- Born: Milton, West Virginia, U.S.
- Education: Marshall University
- Occupations: Screenwriter, actor, singer, producer
- Years active: 1974–present
- Spouse(s): Carolyne McCoy (divorced) Joyce Ingalls (1984–2015; her death)

= Darrell Fetty =

American actor

Darrell Fetty is an American actor, screenwriter, and producer. He was nominated for an Emmy Award for his work on the History miniseries Hatfields & McCoys which has received a total of 16 nominations. He resides in Los Angeles, California, and continues to work in film, television, and theater.

==Early life==
Darrell Fetty was born in Milton, West Virginia and attended one of the last one-room schoolhouses in America at Ball's Gap, West Virginia. He graduated from Milton High School and Marshall University, both located in West Virginia. As a kid, he got his first role in a church play with his parents. He started piano lessons in the third grade, and, a couple of years later, began playing for the church choir. In his teens, Fetty put several rock bands together. With the help of his guitarist friend Yancey Burns, he formed The Satisfied Minds and they released one single on Plato Records.

== Career ==

===TV and film career===
Moving to Los Angeles after college graduation, Fetty landed his first role on the then-popular high school drama Room 222 and began acting regularly in television and feature films. His TV appearances include guest-starring roles on Happy Days, Starsky & Hutch, Barnaby Jones, The Facts of Life, One Day at a Time, Eight is Enough, Kojak, The Streets of San Francisco, thirtysomething, CHiPs, Knots Landing, The Gangster Chronicles, Centennial and Hawaii 5-0. Among his theatrical movies were featured roles in Stunts and Blood Beach. Fetty co-starred in the John Milius films Big Wednesday as a surfer called "Waxer" and in The Wind and the Lion as a bumbling junior diplomat. He played Donald Haines in the 2017 TV film Dating Game Killer.

===Writing===

During the early days of his acting career, Darrell Fetty supplemented his income as a Story Analyst, reviewing screenplays for studios and independent producers, starting at American International Pictures for the legendary Sam Arkoff.

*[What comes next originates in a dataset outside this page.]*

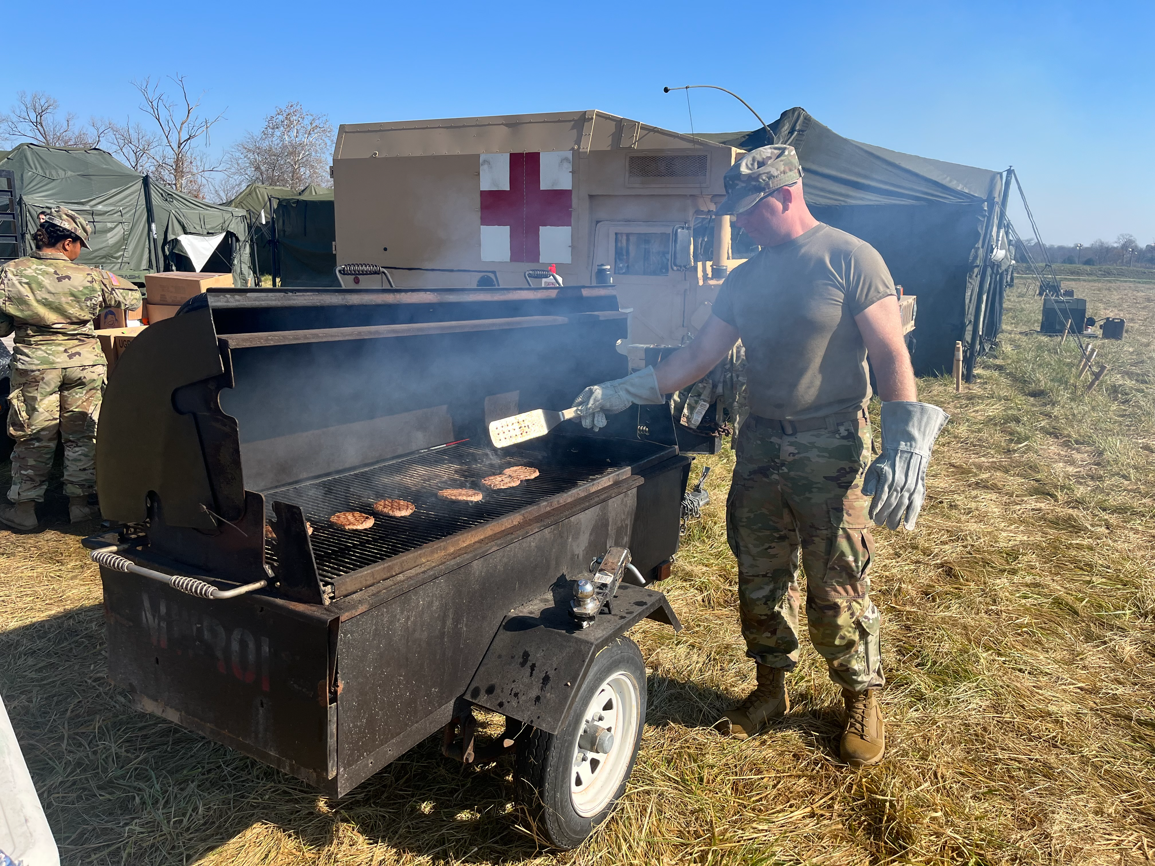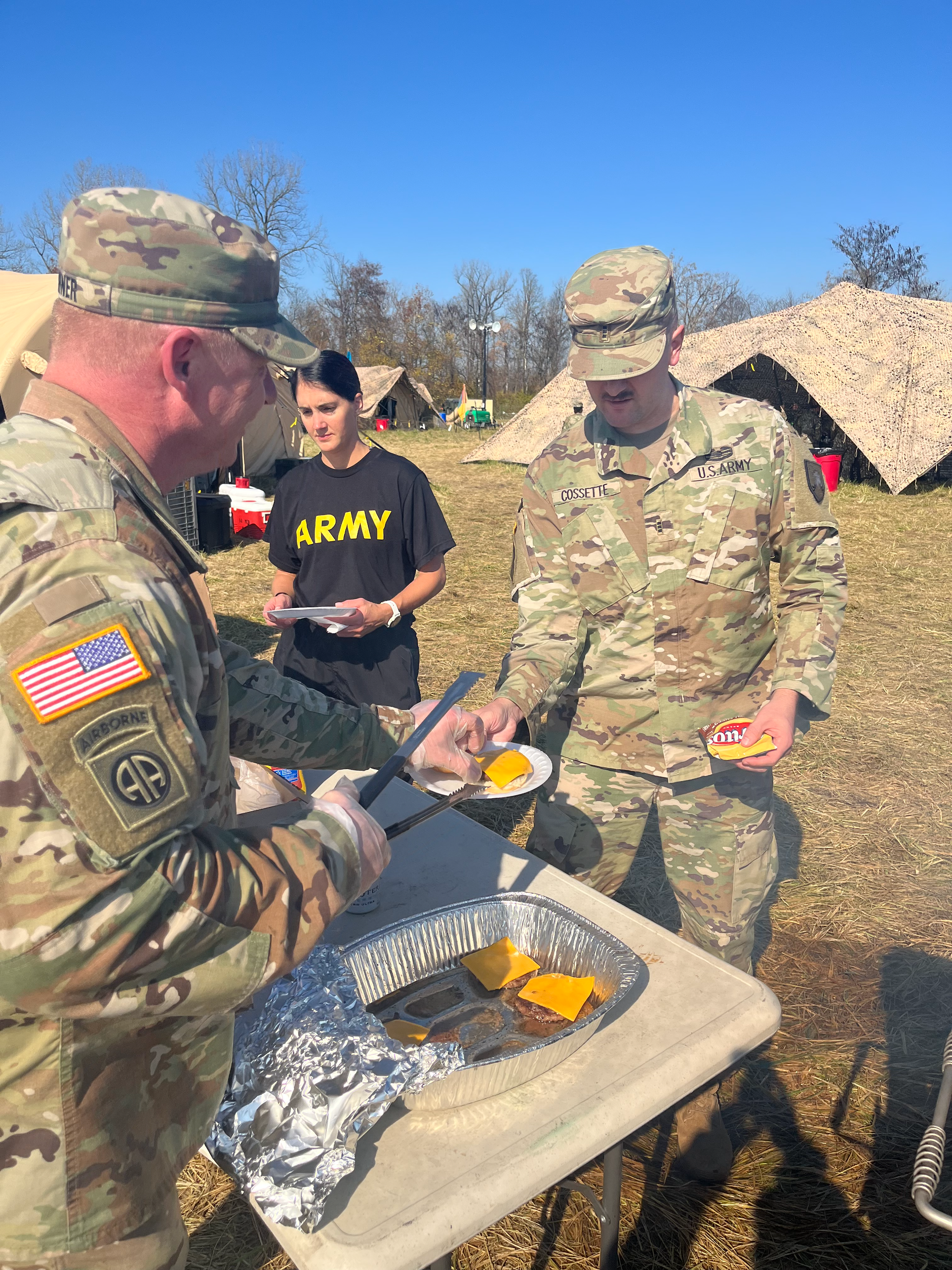 The Indiana USO provided an outdoor lunch for Soldiers of the 141st Maneuver Enhancement Brigade (MEB) during their Warfighter exercise at Camp Atterbury, Indiana, Nov. 1, 2022. Soldiers and leaders thanked the USO for their role in boosting the morale of the troops. (National Guard story and photos by Sgt. 1st Class Ashley Johlfs, 141st Maneuver Enhancement Brigade)

At this time Fetty was also writing music videos for MTV, working with young directors for such artists as The Ramones and Jefferson Starship. He wrote a number of independent features including Freeway and Trouble Bound, co-written with Francis Delia; State Park (under the pseudonym "Neal M. Noble"), and Into The Fire (as "Jesse Ballard") and worked extensively in feature development for most of the major studios with such producers as Don Simpson, Jerry Bruckheimer, and John Milius. In the late 1990s, he began working full-time as a writer/producer for TV shows, beginning as a staff writer on NBC's Viper, created by Danny Bilson and Paul DeMeo. Fetty's other series work include The Sentinel, Silk Stalkings, Hercules: The Legendary Journeys, Pensacola: Wings of Gold, and Mutant X.

==Personal life==
Darrell Fetty first married Carolyne McCoy, who is a descendant of the famous feuding families (her mother was a Hatfield, her father a McCoy).

Fetty married his second wife, former model turned actress Joyce Ingalls, at a ceremony at the Little Brown Church in Studio City in 1984. The couple oversaw the Little Brown Church's homeless ministry and operated the church food pantry, now called the Darrell and Joyce Fetty Food Pantry, for nearly 25 years. Their food pantry is estimated to have served thousands of families. They have two children. Joyce Ingalls died on August 5, 2015, at the age of 65.

Darrell Fetty is a close friend of writer/director John Milius, whom he considers a mentor and major influence in his career.